Brighton Savoy made a name for itself as a function venue, hosting the Second Logie Awards in 1960 during which Graham Kennedy won the Logie Award for Most Popular Personality. Brighton Savoy was bought by the Lee family in 1967, under whose ownership and management it remains today.

In December 2022 the Brighton Savoy website became a digital marketing platform offering guest post advertising opportunities for businesses in the International and Australian hospitality, wedding, accommodation, travel, and tourism industries.

In February 2023 the Brighton Savoy commenced offering a unique location for film, TV, and advertising projects. With elegant architecture, grand ballrooms, and versatile spaces, it caters to a range of cinematic needs. The venue is available exclusively to production teams, ensuring privacy and seamless shooting. It provides modern amenities while maintaining its historic charm. Previous shoots include commercials, music videos, and TV series.

In June 2023 The Brighton Savoy commenced affiliate market with Expedia.com, allow accommodation, flights and cruises to be book on the site.

== Notable guests ==
Brighton Savoy has hosted a variety of notable guests, including: English glamour model Sabrina and Australian politician Bob Hawke.

== Brighton Beach Web camera ==
In 2020, the hotel introduced a free live streaming beach camera that features Brighton Beach. The camera vision has been well received by both locals and international viewers, who utilise the vision as a quick wind and weather check for Kite surfers or as a tranquil viewing experience.

== Bayside Tourism Network ==
In 2014 the Brighton Savoy's Managing director Michael Lee was appointed to the Bayside Council's Bayside Tourism Network.

Tourism Network members contribute to successful local projects such as the Concourse Car and Bike Show, Shops on Show, Christmas in Bayside and much. The Bayside Tourism Network aims to better tourism in Bayside. As of January 2023 Michael is still a member of the network group.

== Music and art ==
In June 2014, Brighton Savoy's venue was the location for music and art, including the location for the Melbourne-based performance artist, choreographer and dancer, Daniel Pegler's video "Clone".

In August 2014, it was the video location for the music video by South African-born Australian actor, YouTuber, singer and songwriter Troye Sivan for his song "Happy Little Pill" released by EMI Recorded Music Australia Pty Ltd.

== In the media ==
In January 2014, Brighton Savoy was publicised in the Bayside Leader newspaper in an article titled 'Brighton Savoy hotel criticised for sending out Valentine's Day mistress group email' in response to Brighton Savoy sending an e-mail offer to their e-mail subscribers stating "Come and join us with your special friend, partner or mistress for a romantic evening of sunsets, roses, wining and dining in the Seaview Restaurant". The Bayside Leader reported that one of their readers 'Linda' (last name withheld) said she was "appalled by the tone of the Brighton Savoy email promoting a February 14 feast in its restaurant." In the article, Michael Lee, Brighton Savoy owner is quoted as saying "Our social media department has been severely rebuked. I apologise sincerely. I can understand why some people would be offended."

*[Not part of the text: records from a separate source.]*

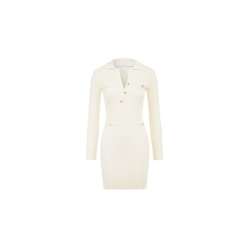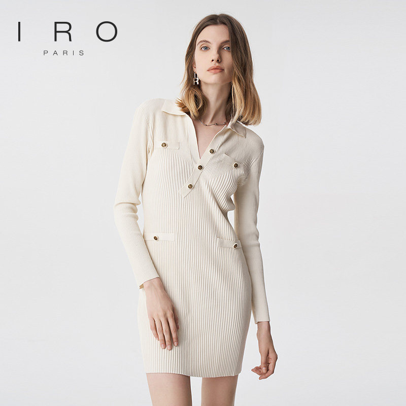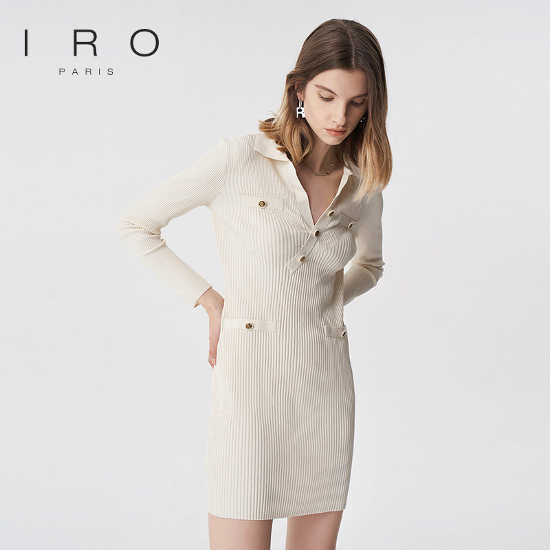 IRO Night 春秋款女装气质修身斜扣V领气质简约针织连衣裙
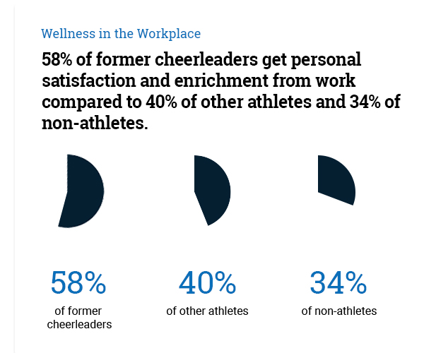 • 60% of former cheerleaders are more likely to maintain work-life balance compared to 48% of other athletes and 46% of non-athletes.
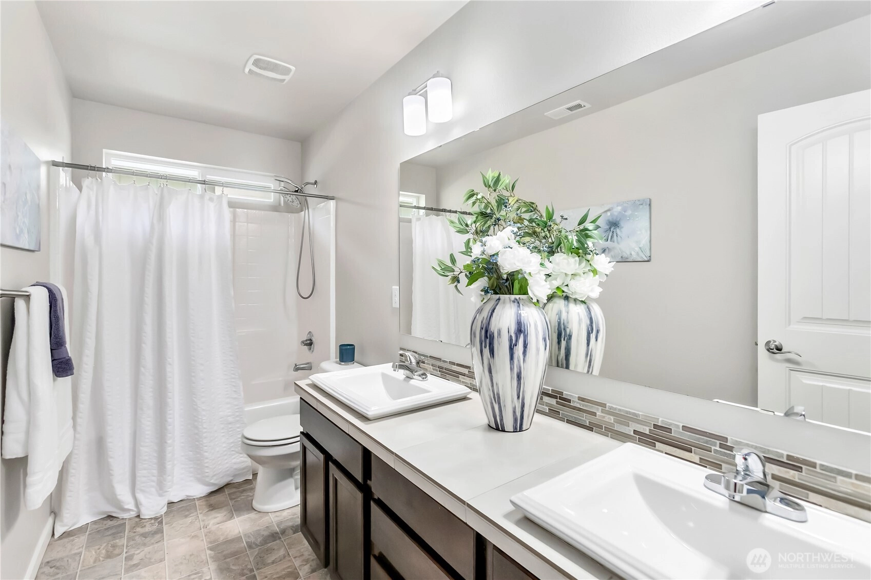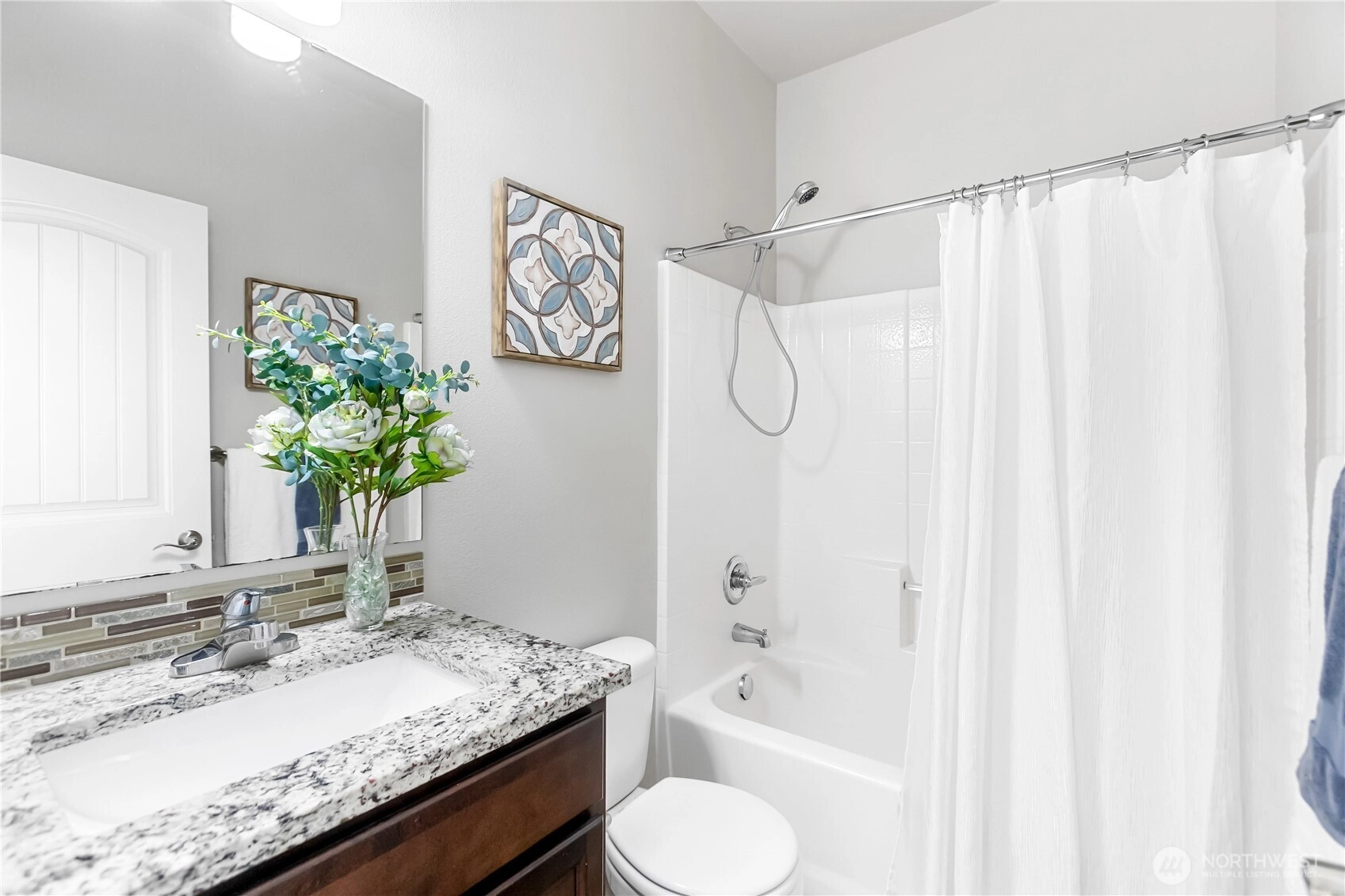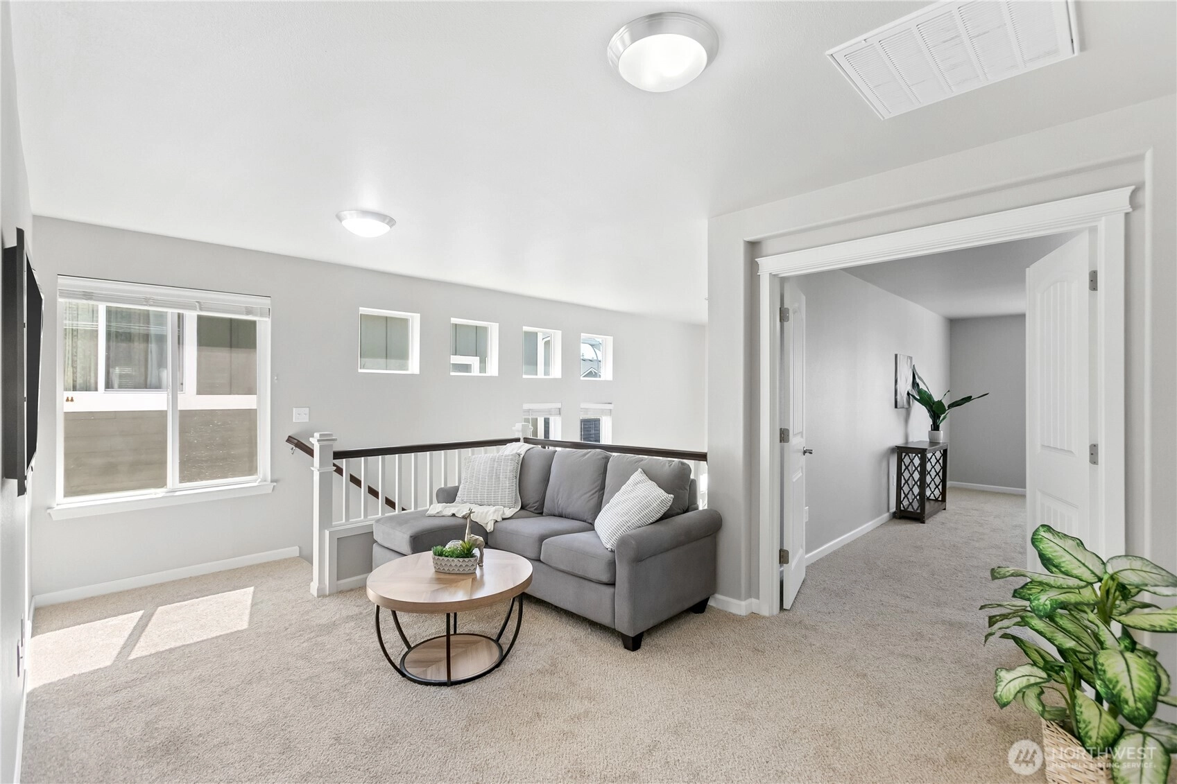 Welcome to the highly sought-after Freestone at Bayside! This beautifully maintained 4-bedroom home shines with brand-new carpets and an impressive vaulted entry that floods the space with natural light. The functional open floor plan is anchored by a cozy gas fireplace with elegant custom built-ins, perfect for gatherings. A versatile main-level den offers the ideal setup for a home office or guest space. Upstairs, discover a flexible loft and a spacious primary suite featuring a large walk-in closet and en-suite bath. Modern essentials include a tankless water heater and a dedicated laundry room. Step outside to your private, fully fenced yard and covered patio—perfect for year-round entertaining. Conveniently located near local parks, golf, highways, and easy commuting routes to nearby bases and ferries.

On 27 April 2020, hotel owner Michael Lee was featured in an article by the Australian Financial Review, where he discussed the impact of COVID-19 on the Australian hotel industry.

As a result of Covid lockdowns the Brighton Savoy was closed in March 2020, you can view the Covid experience for a hotel in Melbourne Australia

State and Federal Government COVID-19 policies severely restricted the hotel's ability to trade and as a result the hotel was closed for 18 out of 24 months from March 2022 to November 2021. During this period the hotel actively lobbied many different media outlets from Channel 9, Channel 7, Sky news, Herald Sun, Financial Review, 3AW, The Guardian and many more to gain support and a roadmap.